Problem statement -
Would you copy exactly the lines in the data below from the one that has "PP KFD 227/2020" through the one that has "Mine Simandou, Guinée", dropping any pictures?

[Supplied material Boundary: Start]

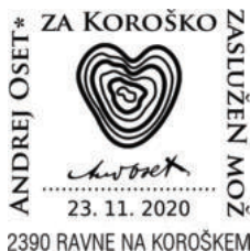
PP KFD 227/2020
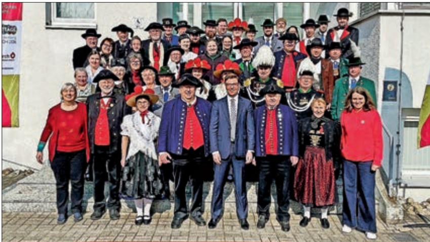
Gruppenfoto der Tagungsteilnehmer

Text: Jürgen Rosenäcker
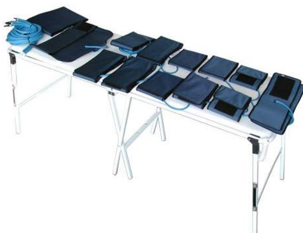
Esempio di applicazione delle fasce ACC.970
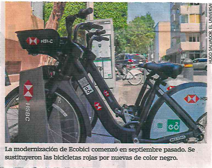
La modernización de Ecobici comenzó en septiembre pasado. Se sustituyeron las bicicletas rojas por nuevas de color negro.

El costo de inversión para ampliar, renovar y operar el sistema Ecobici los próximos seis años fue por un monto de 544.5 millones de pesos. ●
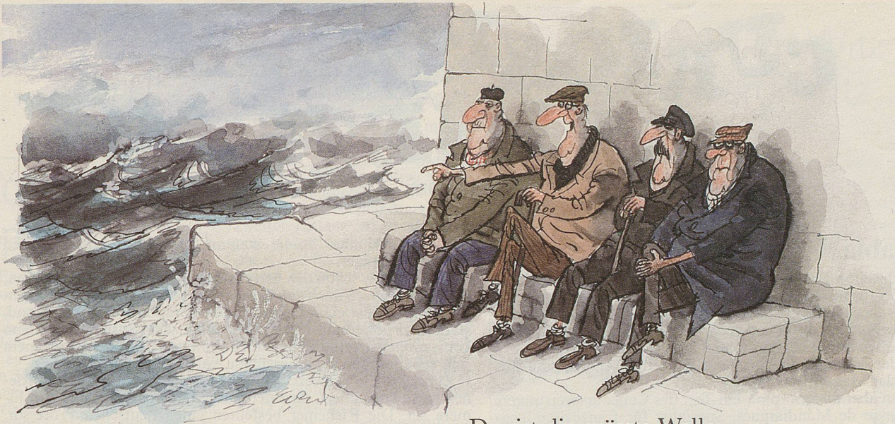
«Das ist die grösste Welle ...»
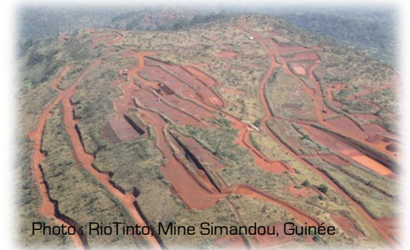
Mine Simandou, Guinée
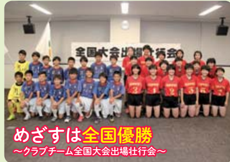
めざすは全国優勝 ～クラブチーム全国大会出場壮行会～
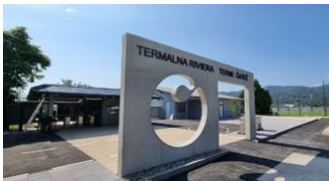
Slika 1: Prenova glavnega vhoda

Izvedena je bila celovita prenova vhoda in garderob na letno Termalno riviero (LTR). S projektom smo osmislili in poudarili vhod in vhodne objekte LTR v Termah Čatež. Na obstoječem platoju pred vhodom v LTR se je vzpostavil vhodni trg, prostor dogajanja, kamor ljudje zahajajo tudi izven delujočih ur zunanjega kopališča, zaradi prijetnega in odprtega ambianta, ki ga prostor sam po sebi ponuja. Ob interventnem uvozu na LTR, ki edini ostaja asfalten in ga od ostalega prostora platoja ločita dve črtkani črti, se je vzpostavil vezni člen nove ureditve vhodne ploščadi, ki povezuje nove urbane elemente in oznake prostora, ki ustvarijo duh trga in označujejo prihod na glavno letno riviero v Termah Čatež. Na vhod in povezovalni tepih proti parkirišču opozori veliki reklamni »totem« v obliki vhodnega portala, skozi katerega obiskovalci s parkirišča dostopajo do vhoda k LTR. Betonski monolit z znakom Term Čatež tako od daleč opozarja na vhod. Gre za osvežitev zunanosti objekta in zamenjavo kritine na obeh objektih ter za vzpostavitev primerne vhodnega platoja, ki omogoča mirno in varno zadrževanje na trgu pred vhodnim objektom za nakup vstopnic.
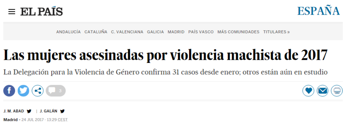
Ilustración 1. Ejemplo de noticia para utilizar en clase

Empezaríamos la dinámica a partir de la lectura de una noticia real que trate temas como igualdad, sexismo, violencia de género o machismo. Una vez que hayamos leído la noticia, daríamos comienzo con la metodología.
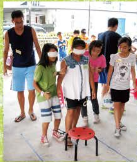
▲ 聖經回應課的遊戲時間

[Supplied material Boundary: End]
[Supplied material Boundary: Start]

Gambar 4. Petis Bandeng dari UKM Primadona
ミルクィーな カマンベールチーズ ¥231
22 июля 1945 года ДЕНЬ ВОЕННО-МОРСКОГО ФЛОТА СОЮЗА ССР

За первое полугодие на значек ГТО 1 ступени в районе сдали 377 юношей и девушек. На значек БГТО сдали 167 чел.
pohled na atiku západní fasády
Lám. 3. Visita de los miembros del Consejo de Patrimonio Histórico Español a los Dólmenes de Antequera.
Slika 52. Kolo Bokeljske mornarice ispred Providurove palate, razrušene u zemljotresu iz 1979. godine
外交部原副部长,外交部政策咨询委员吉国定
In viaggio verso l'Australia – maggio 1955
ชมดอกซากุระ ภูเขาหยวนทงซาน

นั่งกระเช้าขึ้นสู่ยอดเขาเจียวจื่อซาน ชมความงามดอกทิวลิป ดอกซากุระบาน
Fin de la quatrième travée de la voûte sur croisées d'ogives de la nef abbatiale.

[Supplied material Boundary: End]
[Supplied material Boundary: Start]

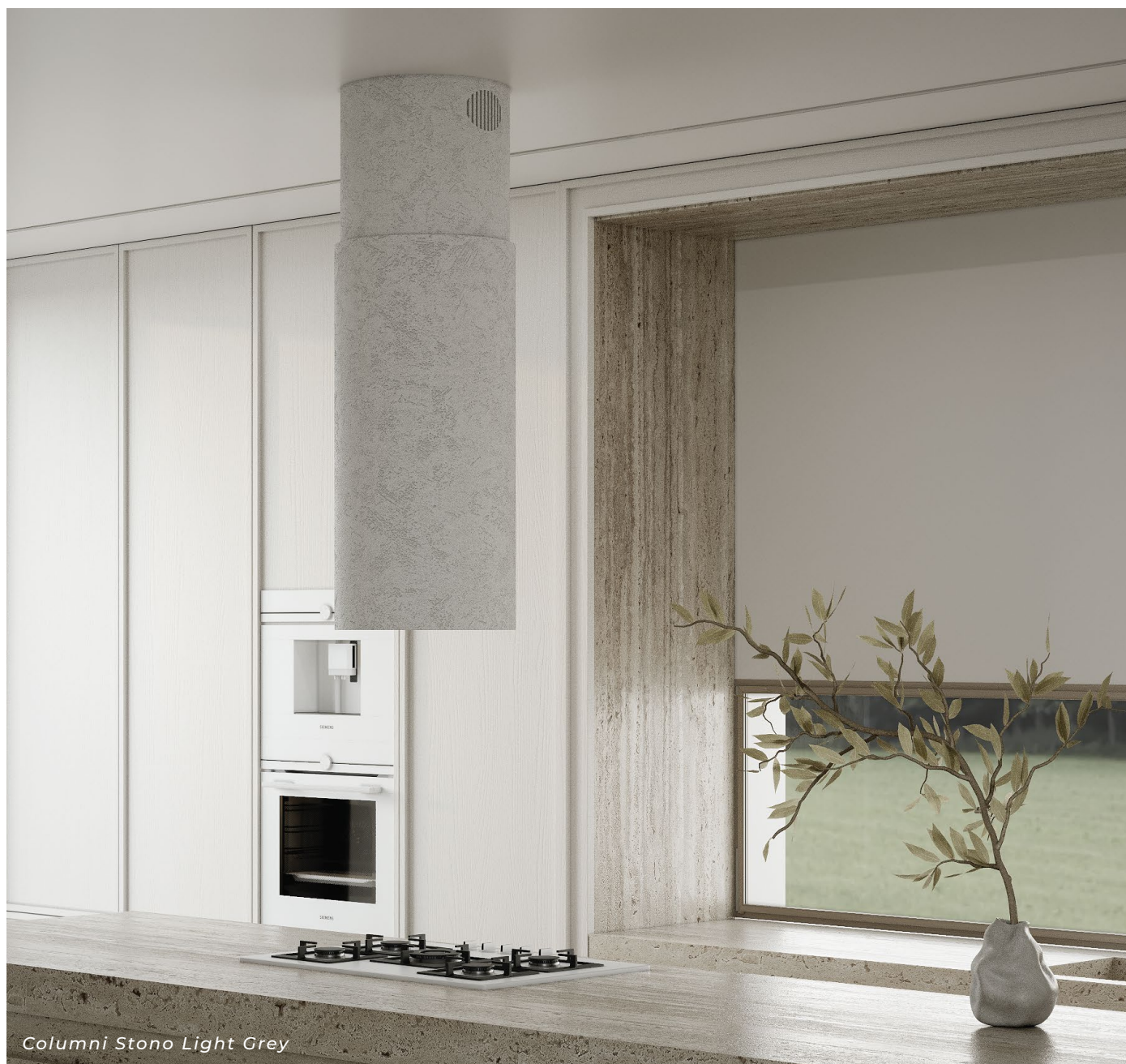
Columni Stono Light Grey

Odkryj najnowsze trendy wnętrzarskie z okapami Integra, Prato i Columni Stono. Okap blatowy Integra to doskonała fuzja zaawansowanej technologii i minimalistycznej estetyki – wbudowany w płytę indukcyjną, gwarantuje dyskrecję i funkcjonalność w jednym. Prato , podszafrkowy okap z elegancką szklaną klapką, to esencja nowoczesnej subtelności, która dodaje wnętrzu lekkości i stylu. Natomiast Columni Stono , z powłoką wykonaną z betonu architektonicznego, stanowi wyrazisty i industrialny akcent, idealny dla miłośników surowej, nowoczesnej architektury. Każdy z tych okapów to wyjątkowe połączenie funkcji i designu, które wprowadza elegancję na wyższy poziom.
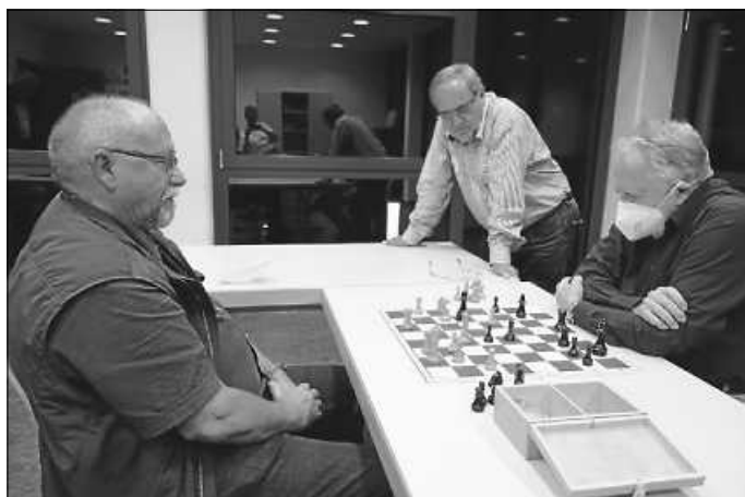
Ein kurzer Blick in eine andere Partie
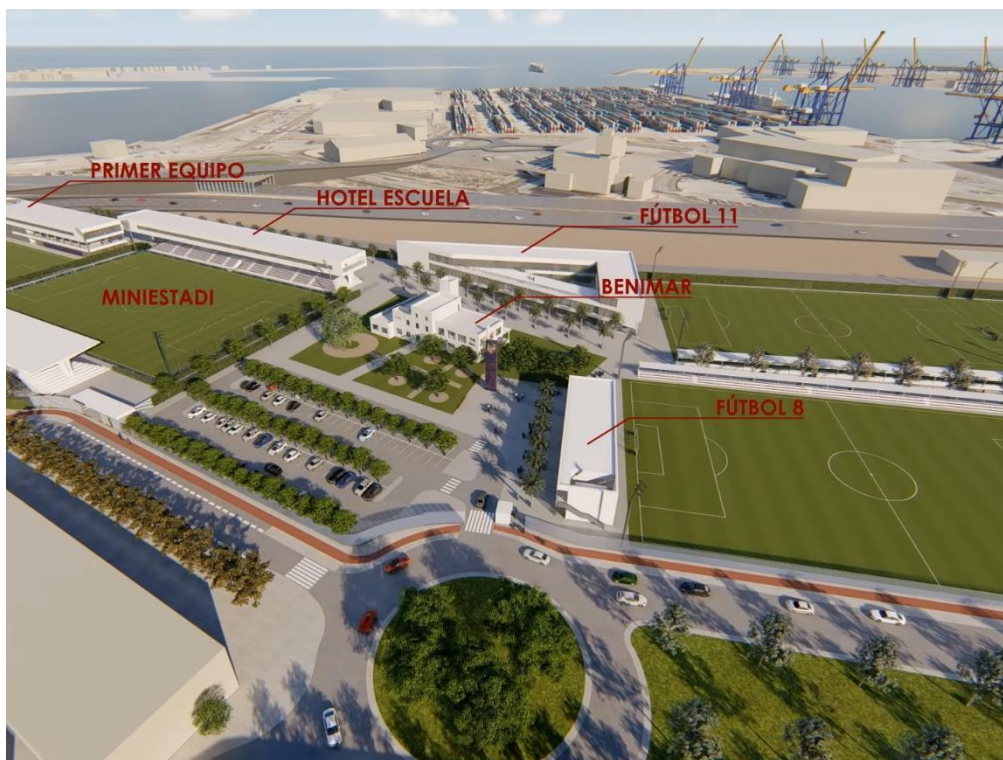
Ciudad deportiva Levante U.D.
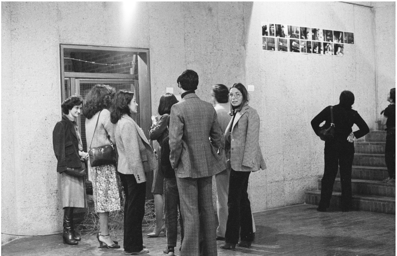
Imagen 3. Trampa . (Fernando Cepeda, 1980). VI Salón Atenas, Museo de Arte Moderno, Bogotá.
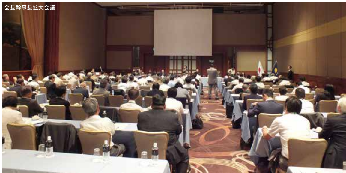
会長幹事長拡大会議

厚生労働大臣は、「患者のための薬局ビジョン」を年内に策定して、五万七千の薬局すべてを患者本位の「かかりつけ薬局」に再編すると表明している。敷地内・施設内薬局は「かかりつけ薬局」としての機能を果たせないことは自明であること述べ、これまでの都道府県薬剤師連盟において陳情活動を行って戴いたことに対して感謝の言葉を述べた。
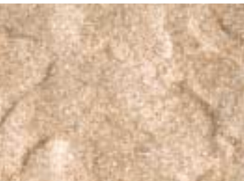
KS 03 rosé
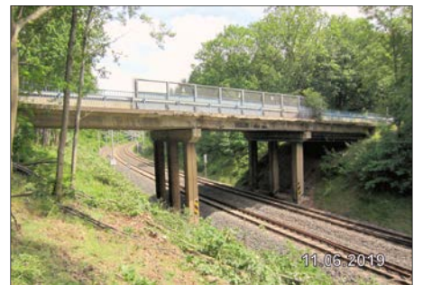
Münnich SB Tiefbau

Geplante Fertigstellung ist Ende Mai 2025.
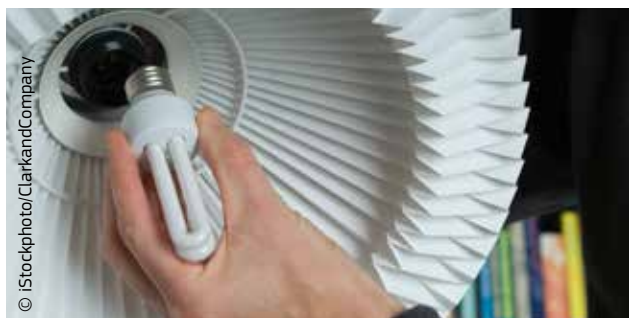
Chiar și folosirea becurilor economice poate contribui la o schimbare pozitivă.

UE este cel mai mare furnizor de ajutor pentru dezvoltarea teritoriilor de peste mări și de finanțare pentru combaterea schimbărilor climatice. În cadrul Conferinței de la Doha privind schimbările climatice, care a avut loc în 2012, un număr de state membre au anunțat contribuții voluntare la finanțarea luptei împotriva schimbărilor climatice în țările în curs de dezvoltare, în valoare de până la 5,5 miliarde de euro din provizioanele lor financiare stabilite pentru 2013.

[Supplied material Boundary: End]

Written response -
PP KFD 227/2020
Gruppenfoto der Tagungsteilnehmer

Text: Jürgen Rosenäcker
Esempio di applicazione delle fasce ACC.970
La modernización de Ecobici comenzó en septiembre pasado. Se sustituyeron las bicicletas rojas por nuevas de color negro.

El costo de inversión para ampliar, renovar y operar el sistema Ecobici los próximos seis años fue por un monto de 544.5 millones de pesos. ●
«Das ist die grösste Welle ...»
Mine Simandou, Guinée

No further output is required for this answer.